The research suggested this split between stated ambition and procurement focus could shape how organisations design AI programmes and assess their outcomes. Many firms appear to view sustainability as a strategic objective for the decade while continuing to prioritise near-term operational metrics when budgets get allocated.
2030 targets
At a long-term planning level, the research showed strong belief in AI's role in meeting environmental commitments. Telehouse Europe found that 79% of IT decision-makers said AI is essential to meeting their 2030 sustainability targets.
Operational choices did not consistently reflect that intent. Only 23% of respondents said 'renewable energy mix and efficiency' was a key factor when choosing an AI infrastructure partner, according to Telehouse Europe. That points to a limited role for energy sourcing criteria in supplier selection for AI workloads, despite the high electricity demand associated with model training and inference.
Telehouse Europe framed this as a governance challenge as AI use becomes more central to business processes. Emissions measurement for AI workloads remains difficult for many organisations because the work often runs across shared infrastructure, multiple locations, and different service providers. Firms also face varying reporting methods across data centres and cloud services. The survey results suggest many organisations have not yet established consistent internal reporting for AI-related energy consumption and emissions.
Resilience questions
The research also looked at infrastructure resilience as AI workloads grow in importance. Telehouse Europe reported that 93% of IT decision-makers said geopolitical uncertainty is influencing infrastructure strategy.

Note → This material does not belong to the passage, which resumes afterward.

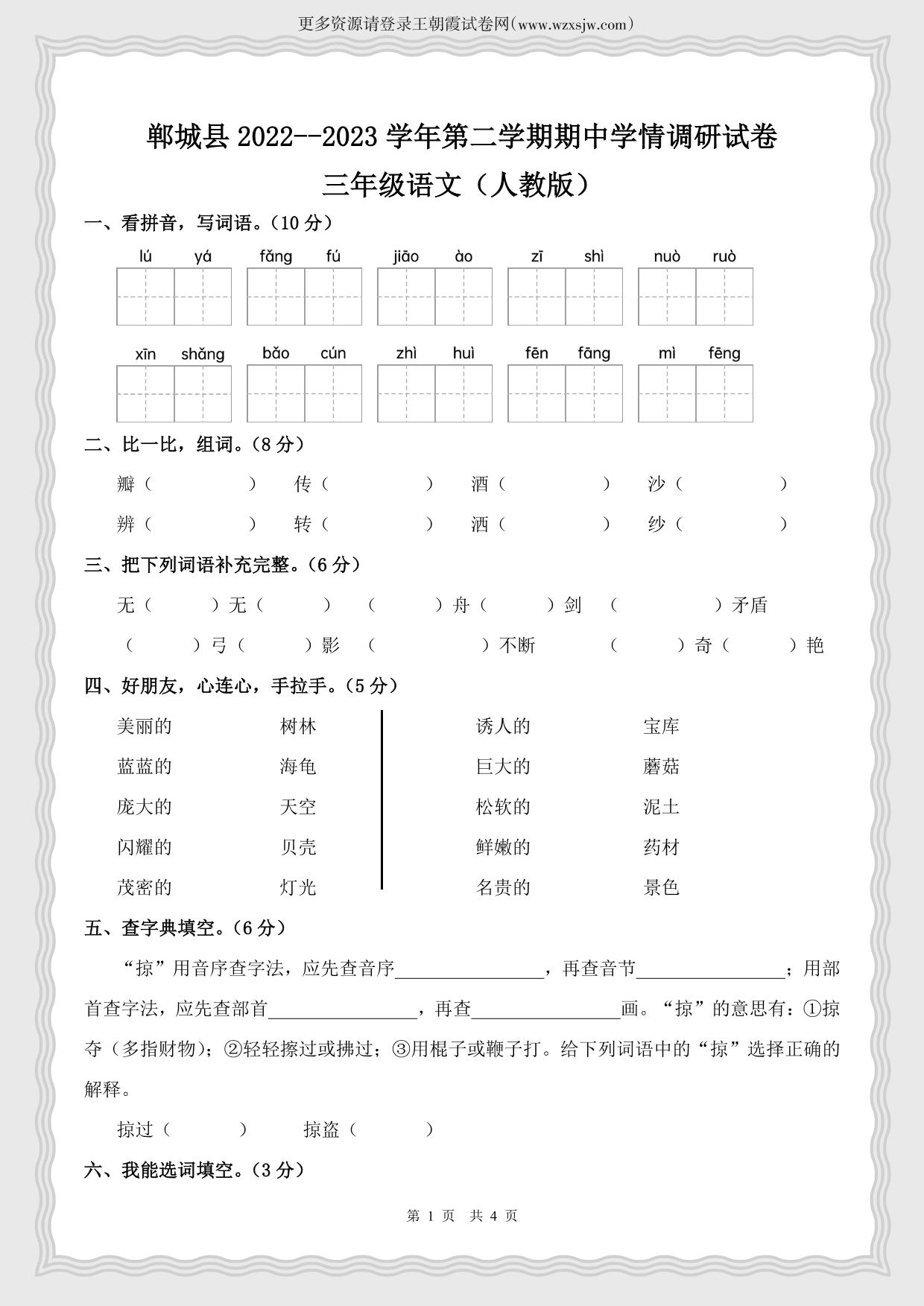 河南省周口市郸城县2022-2023学年第二学期期中学情调研试卷三年级语文(人教版)

However, respondents also indicated that switching AI inference capacity could take time during disruption. Telehouse Europe said 59% of IT decision-makers reported it would take more than an hour to switch AI inference workloads to an alternative site if a regional incident took their primary UK AI data centre offline. The company linked that to preparedness challenges as organisations increase reliance on AI for business-critical services.
Telehouse Europe positions itself in the data centre market and operates colocation facilities, including the London Docklands campus. The company said it uses electricity from 100% renewable sources for its data centres.
Telehouse Europe Executive Vice President and General Manager Mark Pestridge commented on the gap between confidence and measurement.
"AI has earned its place in sustainability strategies but belief in its potential is running ahead of evidence. Firms are confident in AI's contribution to efficiency, yet far less equipped to measure or verify its environmental cost. Until carbon visibility improves and sustainability becomes a core criterion in spending and infrastructure decisions, the sector's green ambitions will remain more aspiration than proof," said Mark Pestridge, Executive Vice President and General Manager, Telehouse Europe.
The survey results add to a growing debate about how organisations account for emissions from digital services, including AI, and how that information feeds into ESG reporting and procurement. Many businesses now treat AI as a mainstream technology investment. The research suggests a mismatch between that adoption curve and the maturity of carbon accounting practices specific to AI workloads.
Telehouse Europe said the research indicates that carbon measurement and operational resilience will remain live issues for UK enterprises as AI usage expands across customer services, analytics, and automation.